What are the most common mistakes to avoid when making Lemon‑Raspberry Yule Log from the Chef Sylvain YouTube channel?

A

Common errors include over‑mixing the sponge batter, which creates a tough crumb, and under‑hydrating the gelatin sheets, leading to a runny filling. Additionally, failing to chill the rolled sponge before adding the creams can cause the log to crack during assembly.

technical
Q

Why does this Lemon‑Raspberry Yule Log recipe use gelatin sheets instead of powdered gelatin?

A

Gelatin sheets dissolve more evenly and provide a clearer, firmer set for the raspberry cream, which is essential for maintaining the log’s shape. They also reduce the risk of grainy texture that can occur with powdered gelatin if not fully hydrated.

technical
Q

What does the YouTube channel Chef Sylvain - Long live pastry! specialize in?

A

The YouTube channel Chef Sylvain - Long live pastry! specializes in French pastry techniques, from classic croissants to elaborate holiday desserts like the Lemon‑Raspberry Yule Log.
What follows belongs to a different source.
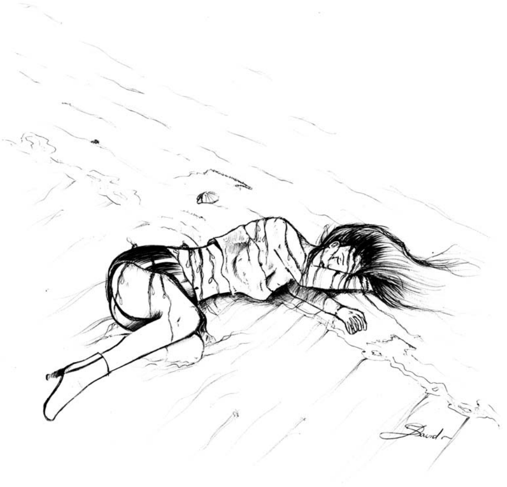
Ilustración: David Simarro Martínez

Chef Sylvain focuses on detailed, step‑by‑step tutorials that emphasize precision and artistry.

channel
Q

How does the YouTube channel Chef Sylvain - Long live pastry! approach French pastry cooking differently from other French cooking channels?

A

Chef Sylvain combines traditional French patisserie fundamentals with modern flavor pairings, such as lemon and raspberry, and often incorporates scientific explanations for each technique. This analytical yet artistic approach sets the channel apart from others that may prioritize speed over technique.